Space Ritual: Dave Brock Of Hawkwind Interviewed
Harry Sword , May 1st, 2018 09:56

Steady the ship, ready the engines, sail forth through the infinite black portal of space and dream - once fitful sleep overtakes you - of turbulent purple seas over a desolate planet. It’s Hawkwind, b’gads, and Harry Sword is talking to Captain Dave Brock ahead of this weekend's Desertfest

Hawkwind are a force of rare and peculiar nature. Over the past 40 years, through innumerable line up changes (band lifer Dave Brock is the sole original member) and the shifting vagaries of musical trends, they’ve remained dedicated to the art of chugging space rock: in the words of Carly Simon, nobody does it better. A driving wall of sound adorned with electronic drones and bleeps, spoken word passages, tales of futuristic derring do and swathes of disorientating white noise, the five albums they released on United Artists - starting with 1971’s X In Search Of Space and ending with 1975’s Warrior At The Edge Of Time - are, rightly, held to represent an essential pantheon of primal cosmic righteousness, as intrinsic a run to adherents of the outer reaches of noisy psychedelia as, say, Black Sabbath to Sabotage is to any self respecting doom obsessive. But the Hawkwind catalogue holds many riches beyond - not least the recent twin concept albums, 2016’s The Machine Stops (based on the EM Forster novella of the same name) and last years Into The Woods.

For the past few decades the band has operated from Brock’s rambling farmhouse studio in Devon - recording and rehearsing three days a week - but Hawkwind are, at heart, a West London band steeped in the early 1970’s counter culture that spawned them. Records like Doremi Fasol Latido and Hall Of The Mountain Grill were imbued with a grimy post war sootiness, Notting Hill and Ladbroke Grove decades off gentrification and still pock marked by bomb sites. ‘The Psychedelic Warlords (Disappear in Smoke)’ speaks of a fusty West London hinterland of damp terraces, Lebanese hash, greasy spoons, strong tea and misty Portobello mornings. And while the Hawkwind catalogue is filled with sci-fi inspired material, they frequently turn a cynically jaundiced eye to the future. Songs like ‘Ejection’, ‘We Took The Wrong Step Years Ago’ and ‘Brainstorm’ pivot on human dread in the face of rampant technological advance, emphasising the fragility of the human form, the battle against cosmic control systems and the fleetingness of existence in the vast void of endless space. As Brock sings on ‘Brainstorm’

"Can't get no peace
Until I get into motion
Sign my release from
This planet's erosion
Paranoia police have
Sussed out my potion
You gotta help me or
There'll be an explosion."

During the 1970s, 80s and 90s Hawkwind were permanent fixtures on the free festival circuit, enthusiastically adopted by a ragtag tribe of bikers, hippies, punks and early ravers, all of whom found solace and wild release in their hypnotic live show.
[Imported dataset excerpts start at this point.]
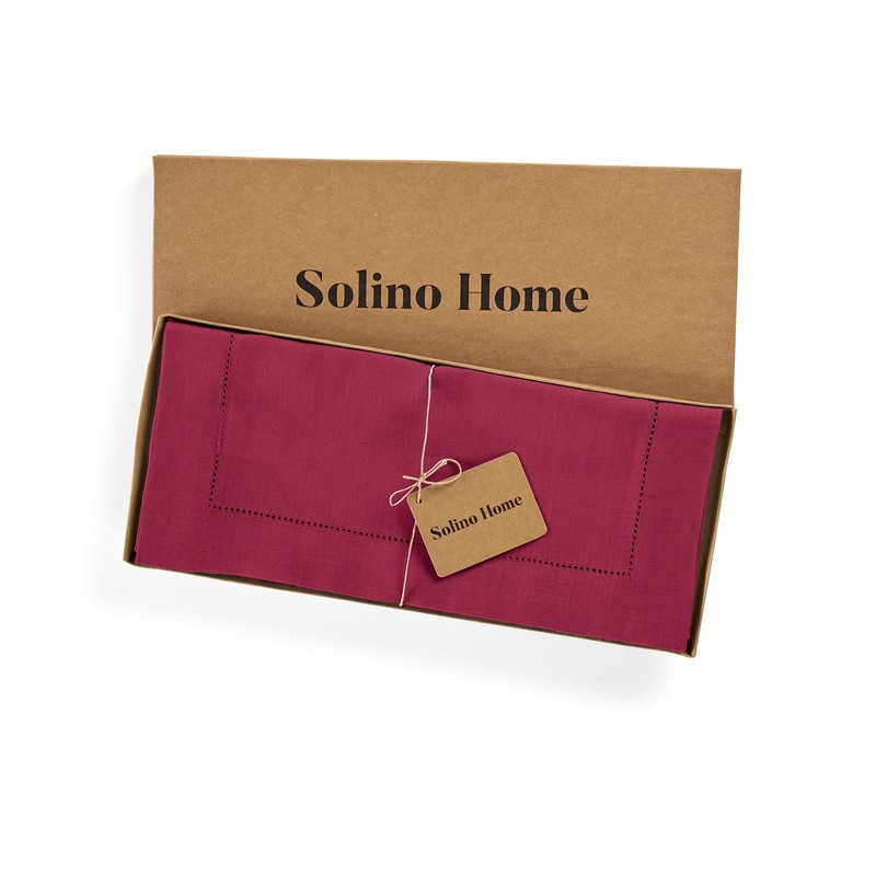 A pure linen classic, this hand-crafted Table Runner from our Hemstitch Collection is woven of 100% linen and is as soft and luxurious as the vintage classic heirloom linens that inspired them. Each runner is beautifully edged with an intricate hemstitched border, tailored with a one-inch hem and mitered corners. Like all fine linens and textiles, the Hemstitch collection mellows with each washing, bringing it a wonderful heirloom feel. Coordinates with other pieces and colors in the Classic Hemstitch Collection. Have a large table? Our Long Hemstitch Table Runner is available up to 156". For an additional touch of beauty and elegance, layer this table runner with a tablecloth, placemats and coordinating napkins from the Classic Hemstitch Collection.
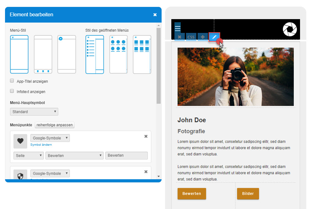 Die Benutzeroberfläche beim App Menü wurde optisch verbessert. Die verschiedenen Menüoptionen sind als Vorschaubilder direkt ersichtlich. Mit einem Klick auf das Vorschaubild wird der Menü-Stil ausgewählt. Die neue Oberfläche ist ab sofort freigeschaltet.
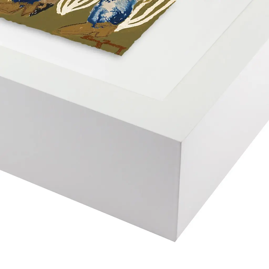 Austin figurative painter Caroline Pinney explores intimacy and human relationships in her art brut-evocative pieces. Working with a range of mediums, from oil stick and charcoal to coffee and spray paint, she often uses her own hand to manipulate materials. Printed on premium paper and float-mounted within a rustic walnut frame. Handmade in Austin, Texas.
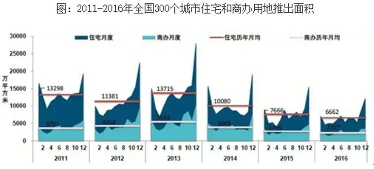 1、全國各類土地供需量仍保持低位。在全國去庫存政策的指導(dǎo)下,地方政府繼續(xù)減少土地推出量,2016年全國300個城市共推出各類用地18.2億平方米,同比下降11.0%,降幅較2015年收窄7.8個百分點(diǎn),整體仍處于較低水平。

But despite all this, Hawkwind are too often denied their true critical dues as a radical musical life force (if there were any justice they’d be venerated as true pioneers in the same way as Can or Neu! but they always looked like they were having too much fun for that). Those who know, however, really know. And the Hawkwind faithful will assemble at the Roundhouse - a spiritual homeland for the band - on May 6 to watch them blow open the space time continuum once again, leaving a vortex of fried brains and rictus grins in the black Camden night.

TQ caught up with Dave Brock in advance of the show to discuss his memories of the venue, acid crazed nights and the benefits of locking your mobile telephone in an upstairs drawer and leaving it there.

What are your earliest memories of the Roundhouse?

Dave Brock: I used to go busking in London with Pete Judd. He was a harmonica player, I was a guitar player. We played outside the Roundhouse frequently. I distinctly remember doing it when they had The Pretty Things on doing S.F. Sorrow. That was quite a long time ago. It used to be open from three to midnight and we’d go down there every week. Lots of fond memories of the place really: dropping loads of acid and running around, great bands playing. But it was a mess then, in comparison to now. Up on the balcony it used to be all full up with railway sleepers and suchlike - it used to be really dirty. You didn’t have all the markets and tourists so much in those days, Camden was pretty run down really. I suppose now it must be quite expensive to live around there now, but back then it was pretty cheap.

I read Lemmy’s autobiography a few years back. He wrote about how he and Dik Mik had to be pushed on stage at the Roundhouse, stiff as boards due to chemical incapacitation…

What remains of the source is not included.